Над еще голой, весенней тайгой пронесся отдаленный гул, как будто что-то огромное рокотало, взревывало, устраивалось где-то далеко и никак не могло лечь удобнее. Звук затихал по распадкам, по оврагам, словно катился по долине Оя, и К-456 на мгновение замер, а там и начал кидать настороженные взгляды; С-235 так даже выпрямился во весь рост, напряженно уставился на долину реки, на начальника… Миронов курил, ухмылялся. Неторопливо отбросил окурок, объяснил зекам:
— Гору рвут… Вторую штольню делать будем.

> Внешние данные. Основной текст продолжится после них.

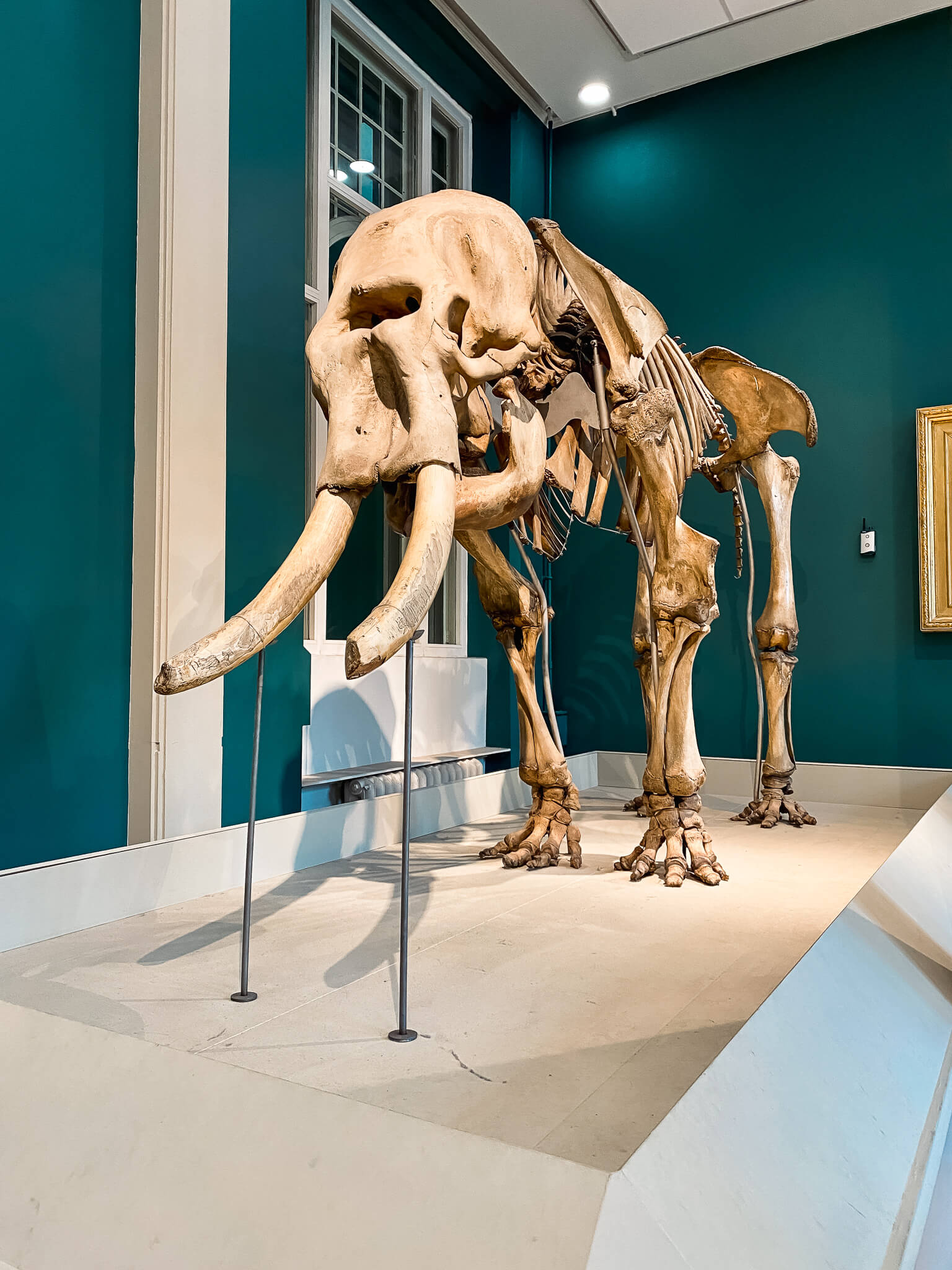 Nur ein kurzer Blick hinein, es liegt auf dem Weg. Ich habe keinen Bock auf Dinosaurier, sagt M.. In der Eingangshalle ein großes Skelett. Deutlich kein Dino, eher ein Mammut. Nein, es ist ein Elefant. Ich lese noch das Schild, da kommen ein paar Mädchen vorbei und kreischen leise „dinosaur“!
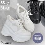 スニーカー レディース 白 厚底 9cmヒール 軽量 紐靴 No.1671 22-25cm ポイント利用
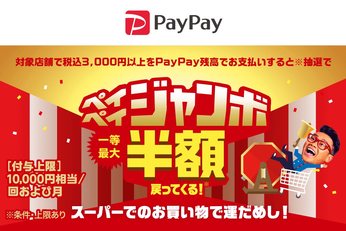 | PayPayが「3,000円以上のお買物で最大半額当たる!スーパーマーケットジャンボ」をスタート |
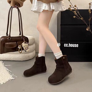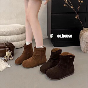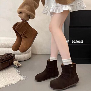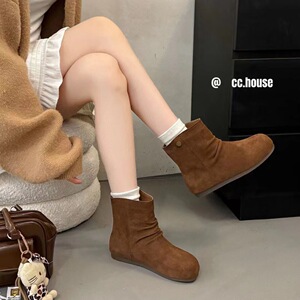 真皮女鞋褶皱堆堆靴女2025秋季新款时尚百搭轻便内增高休闲短靴潮
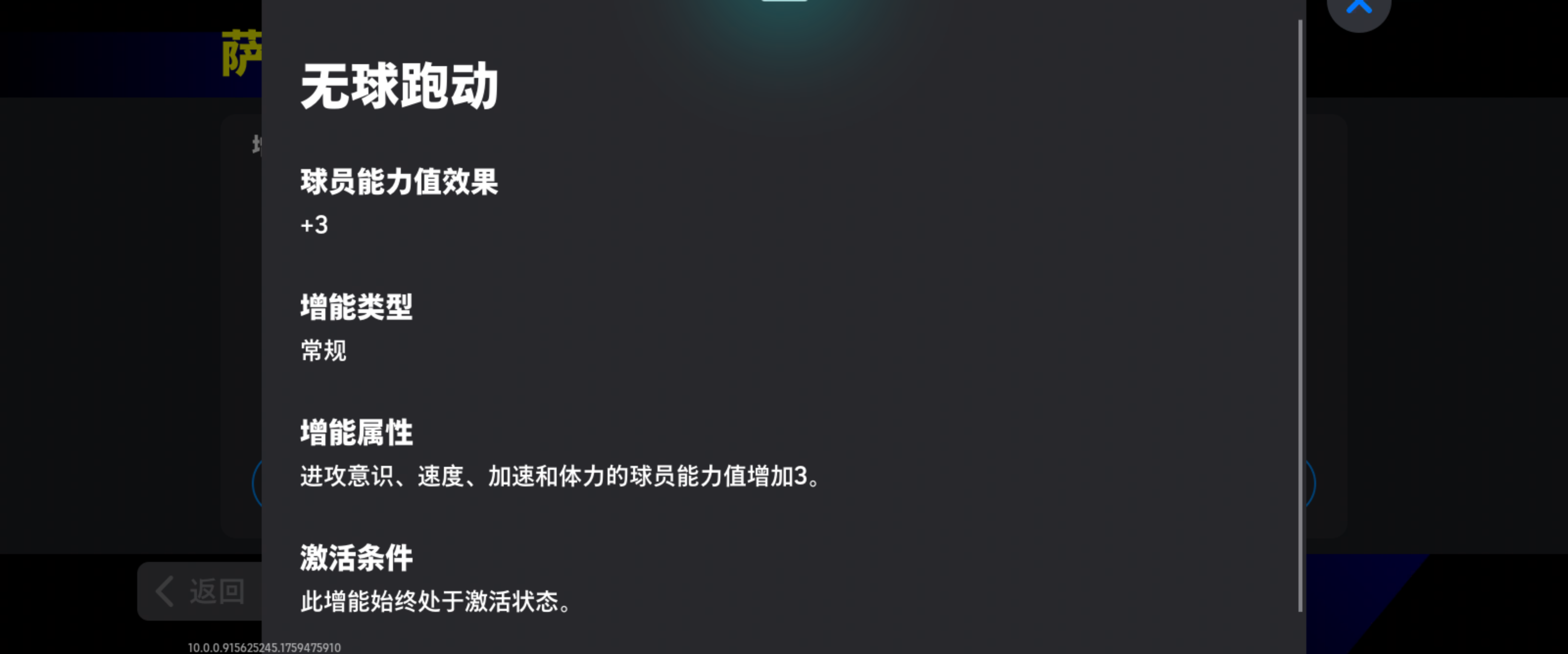 埃托奥的增能属性[无球跑动 +3】

И достал портсигар, сунул в рот еще одну папиросу, с наслаждением закурил, затянулся. Пообещал:
— И вам скоро будет перекур.
Миронов подождал еще немного, пока плечи зеков не стали торчать над землей — и самому кидать уже немного, и дальше опасно — зек может выпрыгнуть одним скачком из шурфа. Миронов заглянул в шурф, одобрительно покивал, мотивированно протянул руку к поясу (кобура давно уже расстегнута). С-235 получил пулю в голову, его отбросило к другой стене ямы. К-456 вскинулся, выпрямился, и сколько людей ни убил Миронов, а на всю оставшуюся жизнь запомнил он безумные глаза приговоренного — страшнее, чем те, на даче у Скуратова, судорожно глотающую шею — кадык бешено ходит вверх-вниз. К-456 получил пулю в нижнюю часть груди, стал поворачиваться на подломившихся ногах, падать боком и спиной к Миронову. И коммунист послал еще одну пулю в эту падающую спину и немного постоял и подождал. С-235 лежал неподвижно, К-456 все никак не мог умереть: сипел, булькал. Наверное, Миронов пробил ему легкие.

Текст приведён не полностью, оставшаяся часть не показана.